──────── Provided material

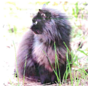
椿祭りの賑わいを興味深そうに眺めていました。 3月9日地島
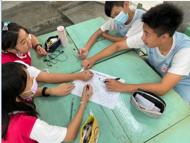
透過腦力激盪，引導學生從各組攝影作品去發散詞句
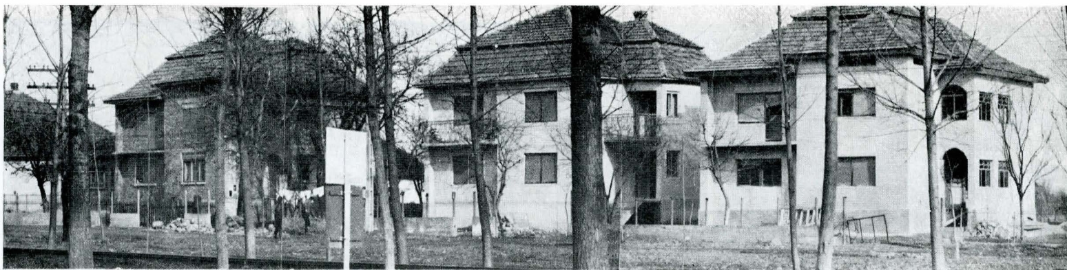
Din arhitectura nouă a comunei Vama, de lângă Negrești-Oaș
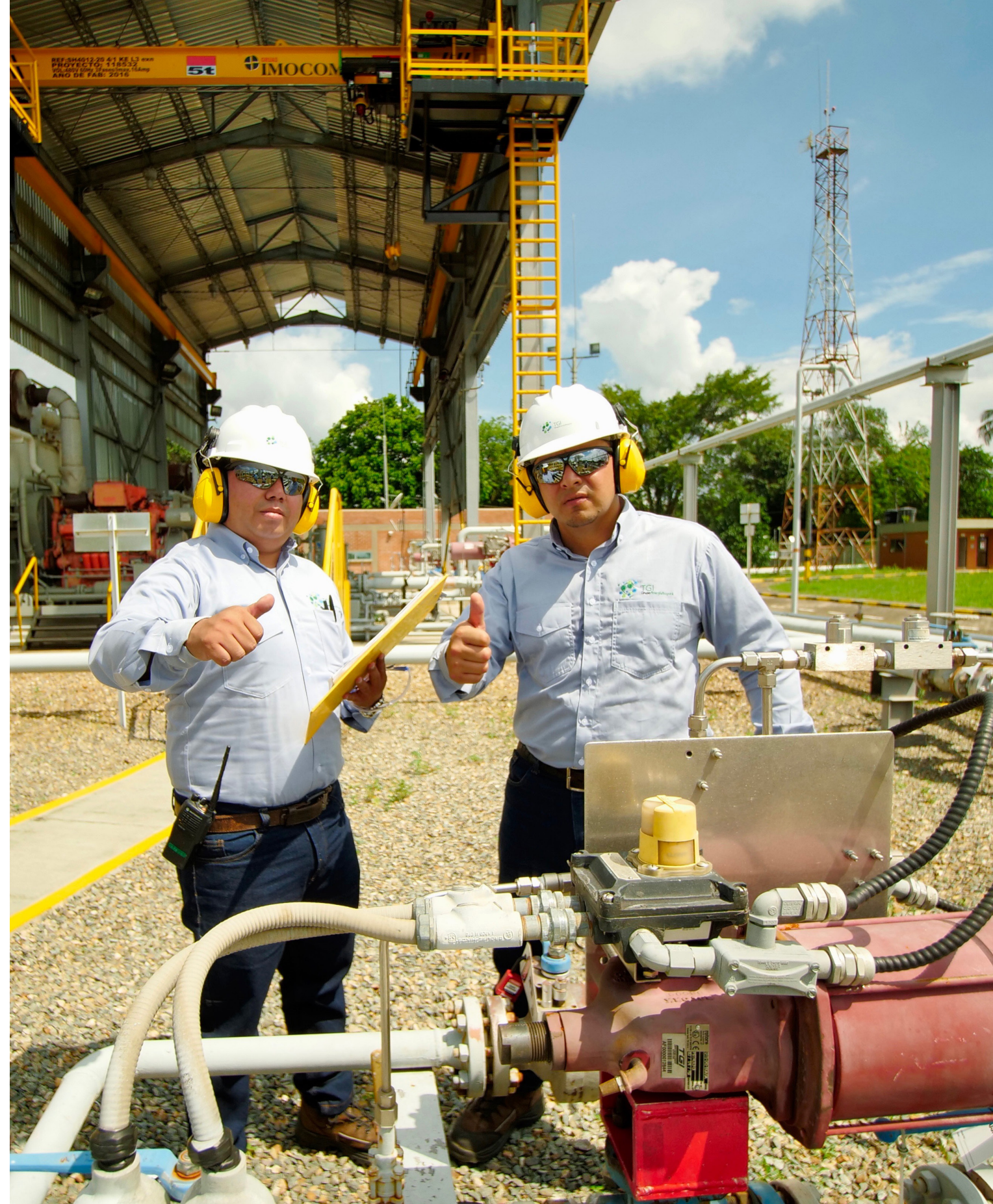
Colaboradores de TGI en la estación de compresión de Mariquita (Tolima)

Seguiremos fortaleciendo el Modelo de Gobierno Corporativo, alineado con el del Grupo Energía Bogotá.
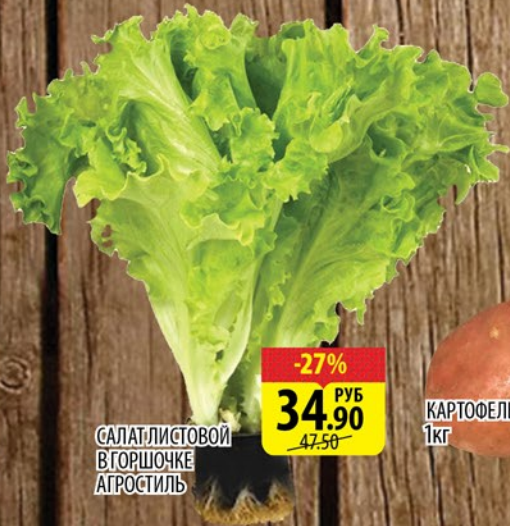
САЛАТ ЛИСТОВОЙ В ГОРШОЧКЕ АГРОСТИЛЬ
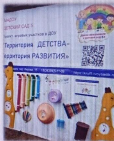
МАДОУ детский сад № 5
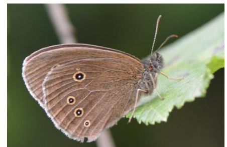
Koevinkje (Aphantopus hyperantus) Belfeld 03-07-2016
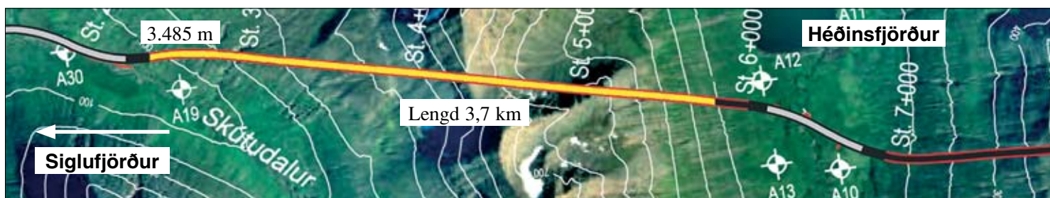
Staða framkvæmda við Héðinsfjarðargöng 3. mars. 2008. Búið er að sprengja 3.485 m í Siglufirði og 2.604 m í Ólafsfirði.

Samtals er því búið að sprengja 6.089 m eða um 57,6% af heildarlengd.
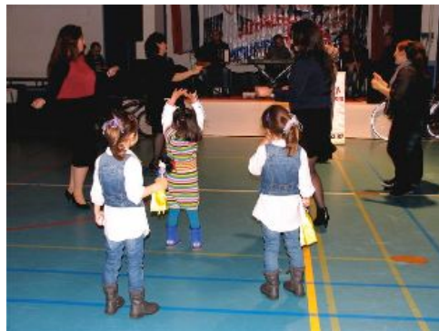
de dames bezetten de dansvloer
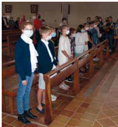
■ À l'église Saint-Martin d'Eppeville.
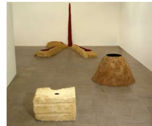
Lisson Gallery, London 1988

────────────────

■ Activity: Scan the lines above for the word "sprengja", then copy each line that has it.

■ Written answer:
Staða framkvæmda við Héðinsfjarðargöng 3. mars. 2008. Búið er að sprengja 3.485 m í Siglufirði og 2.604 m í Ólafsfirði.
Samtals er því búið að sprengja 6.089 m eða um 57,6% af heildarlengd.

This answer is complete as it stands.